Jesús busca en nosotros un corazón contrito conocedor de sus faltas y pecados y dispuesto a eliminarlos. Os acordaréis de vuestros malos caminos, de vuestros días que no fueron buenos...7. El Señor desea un dolor sincero de los pecados, que se manifestará ante todo en la Confesión sacramental, y también en pequeñas obras de mortificación y penitencia hechas por amor: «Convertirse quiere decir para nosotros buscar de nuevo el perdón y la fuerza de Dios en el Sacramento de la reconciliación y así volver a empezar siempre, avanzar cada día»8.
Para fomentar nuestra contrición la Iglesia nos propone, en la liturgia del día de hoy, el Salmo en que el Rey David expresó su arrepentimiento y con el que tantos santos han suplicado perdón al Señor. También nos ayuda a nosotros en estos momentos de oración: Misericordia, Dios mío, por tu bondad, por tu inmensa compasión borra mi culpa, le decimos a Jesús.

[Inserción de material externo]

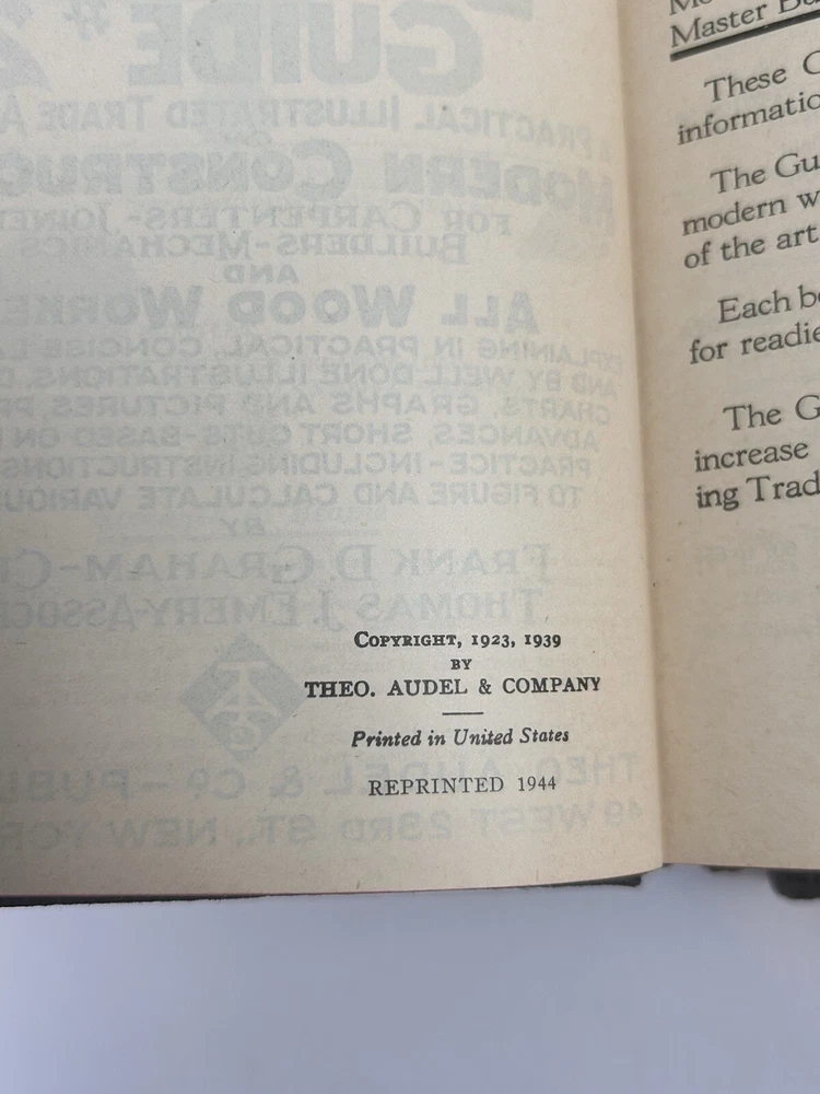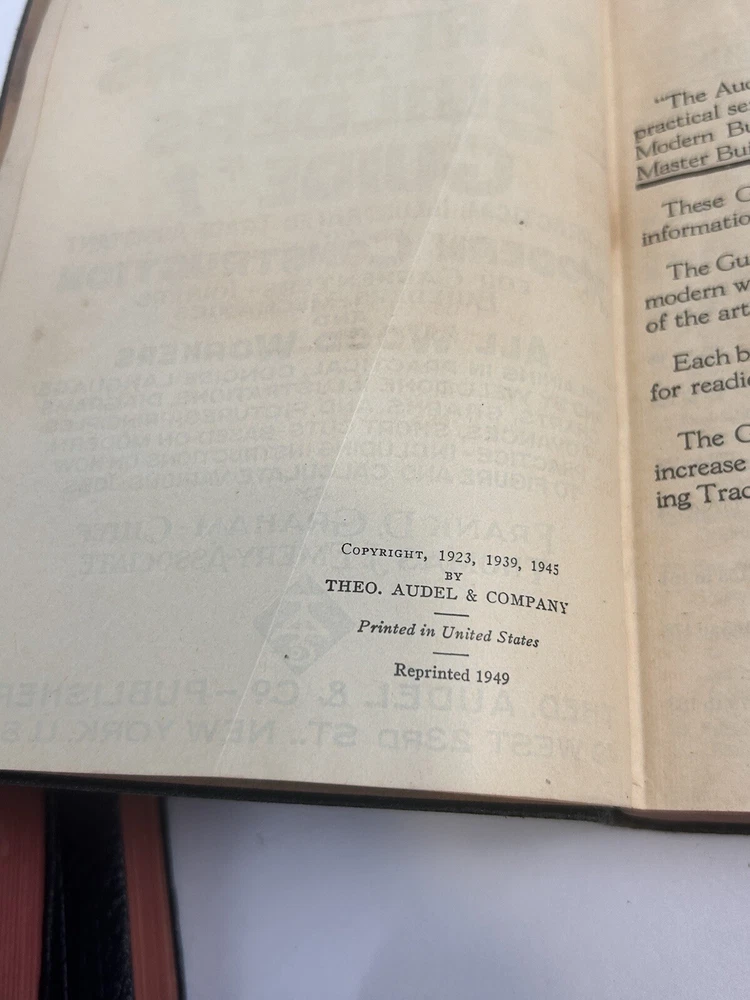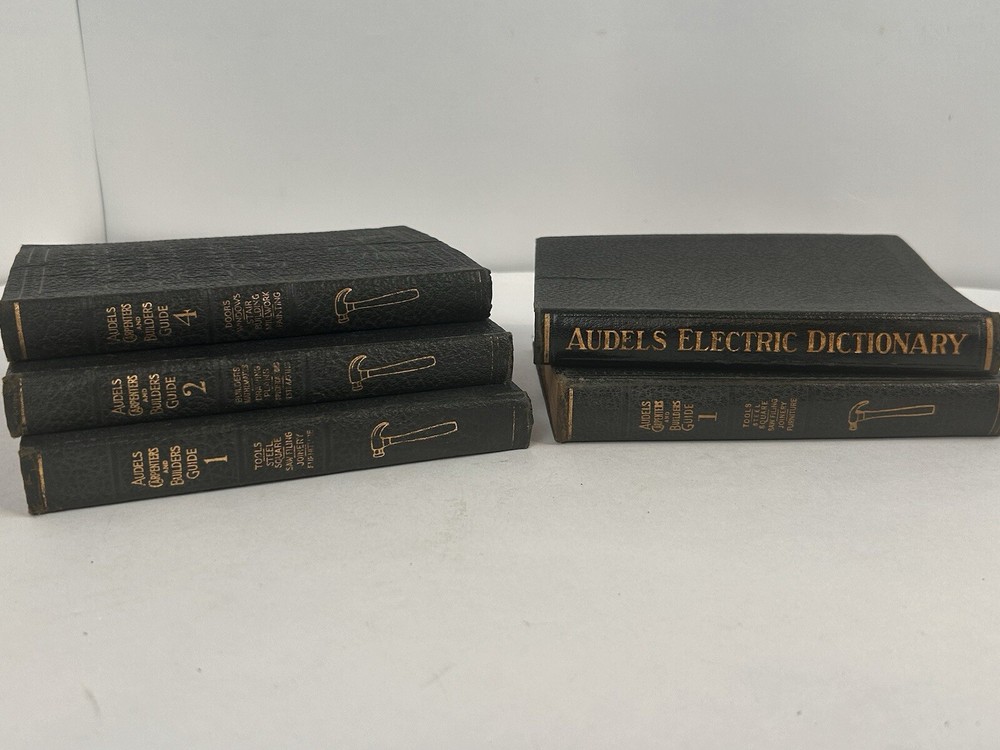Audels Carpenters and Builders Guide 1,2,4 Incomplete Set 1944 Reprint Extras Incomplete set(1,2and4) of 1944 reprint in very nice condition Guide 1 1949 reprint in worse condition Audels electric dictionary 1946 nice condition
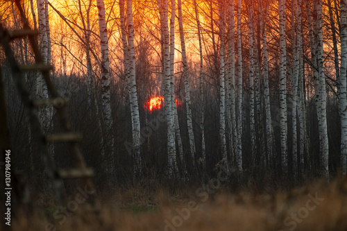 Obraz premium Beautiful Birch Tree Grove during cold Autumn sunrise in the forest
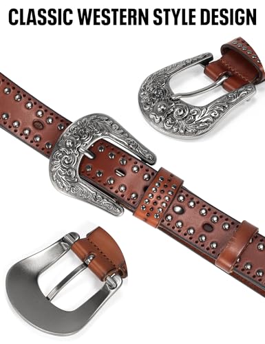 Womens Western Leather Belts 35mm Studded Belt with Vintage Silver Buckle 3
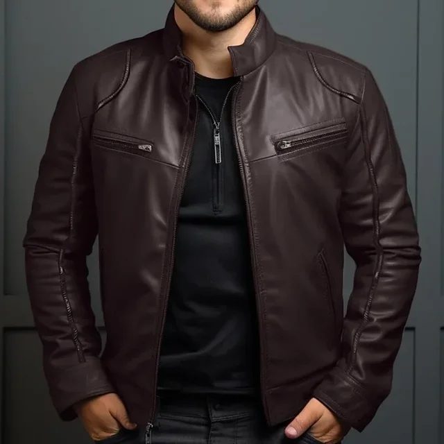 Mens Leather Jacket Autumn Winter Business Gentleman Warm Zipper Cardigan Pocket PU Leather Jacket Stand Collar Slim Coat
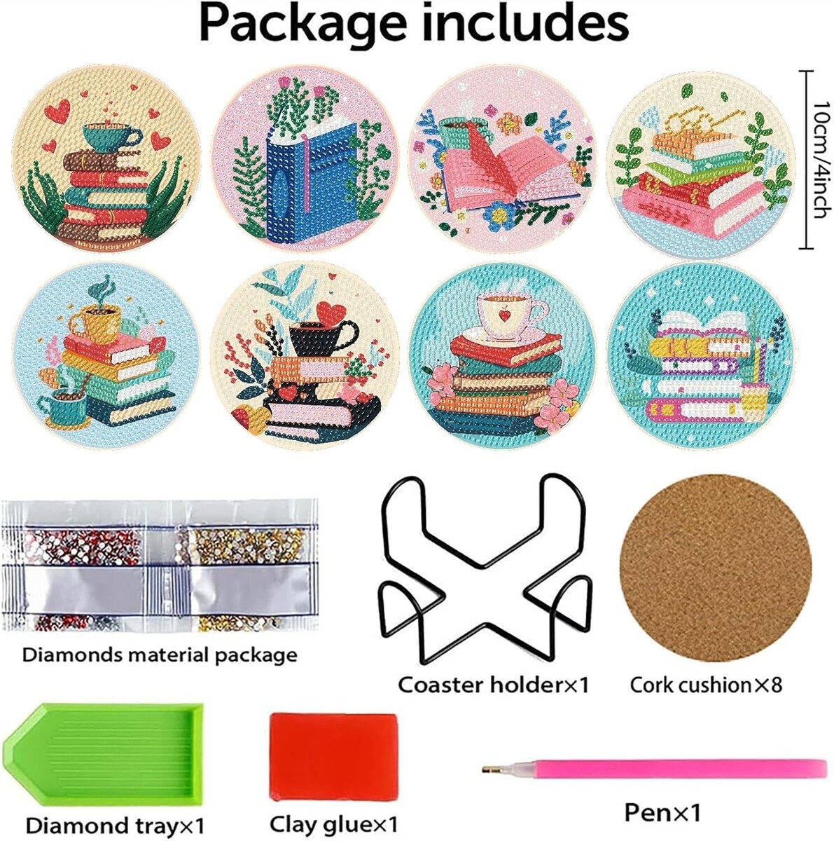 Bundled Items: Coaster Holder,Diamond Painting Coaster,Cork Pad,Clay Glue,Diamond Painting Pen,Diamond Dot Tray

Lava del todo mi delito, limpia mi pecado. Pues yo reconozco mi culpa, tengo siempre presente mi pecado. Contra ti, contra ti solo pequé.
Oh Dios, crea en mí un corazón puro, renuévame por dentro con espíritu firme, no me arrojes lejos de tu rostro, no me quites tu santo espíritu.
Devuélveme la alegría de tu salvación, afiánzame con espíritu generoso. Señor, me abrirás los labios, y mi boca proclamará tu alabanza.
El Señor nos atenderá si en el día de hoy le repetimos de corazón, a modo de jaculatoria: Oh Dios, crea en mí un corazón puro, renuévame por dentro con espíritu firme.
II. La verdadera conversión se manifiesta en la conducta. Los deseos de mejorar se han de expresar en nuestro trabajo o estudio, en el comportamiento con la familia, en las pequeñas mortificaciones ofrecidas al Señor, que hacen más grata la convivencia a nuestro alrededor y más eficaz el trabajo; y además en la preparación y cuidado de la Confesión frecuente.
El Señor también nos pide hoy una mortificación un poco más especial, que ofrecemos con alegría: la abstinencia y el ayuno, que «fortifica el espíritu, mortificando la carne y su sensualidad; eleva el alma a Dios; abate la concupiscencia, dando fuerzas para vencer y amortiguar sus pasiones, y dispone al corazón para que no busque otra cosa distinta de agradar a Dios en todo»9.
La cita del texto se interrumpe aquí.